Isaac’s name leads us to a second reason people laugh. Laughter is a spontaneous expression of joy, and we experience joy when we sincerely believe that we have gained something. Thus, a man who has been without a job laughs when he has found one. And a woman who has waited years for a proposal of marriage laughs for joy (and then cries for joy) when she receives a proposal and a diamond ring. And what about this: A friend told me that when he was in Vietnam, he had just vacated a portable privy when his camp came under a mortar attack. He ran for his foxhole, and dived in. As he did, he heard an explosion behind him. Looking back over the lip of his hole he saw that the privy he had recently occupied had been blown to smithereens. He told me he sat in his hole and laughed until he cried. Laughter is a spontaneous expression of joy, and we rejoice when we believe that we have received something, even our life.

Today we want to look at a third reason for laughter. We laugh at the misfortune of others.

This means that when human beings are safe, secure, and happy we look upon the misfortune of others who are not so safe, secure, and happy, and we laugh because it is their misfortune and none of our own. This is not particularly noble or ignoble, it is simply a part of our humanity.

All the great comedians—from Stan Laurel and Oliver Hardy to Jerry Seinfeld and Steve Martin have understood this, and they have used it to make us laugh.

Perhaps you remember the Super Bowl commercial, which opens with a little old woman carrying a sack of groceries. In the top of the sack is a bag of Doritos. Then the camera pulls back, and we see that a steamroller driven by a distracted man is about to run her over. Then, from stage right (or left) Chevy Chase swings into the scene on a rope. It appears as if he is going to rescue that sweet little, old woman, but he does not. Instead, at the last possible second, he snatches the bag of Doritos from the top of her sack, and swings safely away. We are left to imagine what happens to the little old lady, and we laugh. Hopefully, most of us laugh at the incongruity of Chevy Chase choosing a bag of Doritos over a fellow human being.
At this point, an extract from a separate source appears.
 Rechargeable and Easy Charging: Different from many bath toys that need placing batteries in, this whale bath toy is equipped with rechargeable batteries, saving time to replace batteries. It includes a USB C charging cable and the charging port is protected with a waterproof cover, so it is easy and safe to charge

However, there is no doubt that some people laugh at the idea of a little old woman flattened by a steamroller for the same reason that Kalahari bushmen laugh at the death throws of a waterbuck. We are just glad it is their misfortune and none of our own.

People laugh at the misfortune of others, and sometimes people cause the misfortune of others. The playwright, Jean Paul Sartre, was one of the leading figures intellectuals of the 20th century, yet when he started school as a boy, he felt very inferior. He writes, and I quote:

“(When I entered school in my teens) I was very small for my age, ugly, no good at games, and not much good at my lessons because my eyesight was so poor. They said I smelt bad, too, and maybe I did. But I could make them laugh. I found it was easier to make a lot of people laugh than just one, and that laughter was louder if I could direct it at a single little boy, even more miserable and friendless that I was. That is what I did.”
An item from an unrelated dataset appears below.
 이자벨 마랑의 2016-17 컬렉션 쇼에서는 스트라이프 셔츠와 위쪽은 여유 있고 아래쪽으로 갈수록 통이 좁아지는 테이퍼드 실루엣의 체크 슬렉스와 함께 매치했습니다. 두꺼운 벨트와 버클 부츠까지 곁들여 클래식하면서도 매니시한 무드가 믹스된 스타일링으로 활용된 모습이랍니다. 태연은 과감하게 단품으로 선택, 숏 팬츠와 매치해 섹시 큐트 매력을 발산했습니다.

Unquote. It is said that an intellectual values ideas more than people. Sartre valued the idea of his own comfort over the person of a miserable friendless child.

Laughter often contains elements of cruelty.

Give that truth, I think it is of great significance that New Testament never indicates, not even once, that Jesus laughed.

I shall never forget when this first came to my attention. Though I had already been accepted in a seminary, I was still in the service, though. Knowing that I was to become a preacher, one of my sergeants called me over to his area to show me a picture he had slipped under the glass of his desk. He said, “It is a picture of Jesus. In the Bible, Jesus never laughs, but I think he did.” He went on to explain that he had found the picture of a laughing Jesus in Playboy, which he assured me, he only read for the articles

I did not know what to think of the picture, but I found what the sergeant said about Jesus never laughing in the New Testament very interesting. I borrowed a concordance, did a search, and confirmed his story. In the New Testament Jesus does not laugh. That one simple fact led me to a question that I have pondered for years, “Why not? Why doesn’t Jesus laugh in the New Testament?” After all, we believe that Jesus is not just “fully divine,” but also “fully human.” Would not one who was fully human experience the full range of human emotion?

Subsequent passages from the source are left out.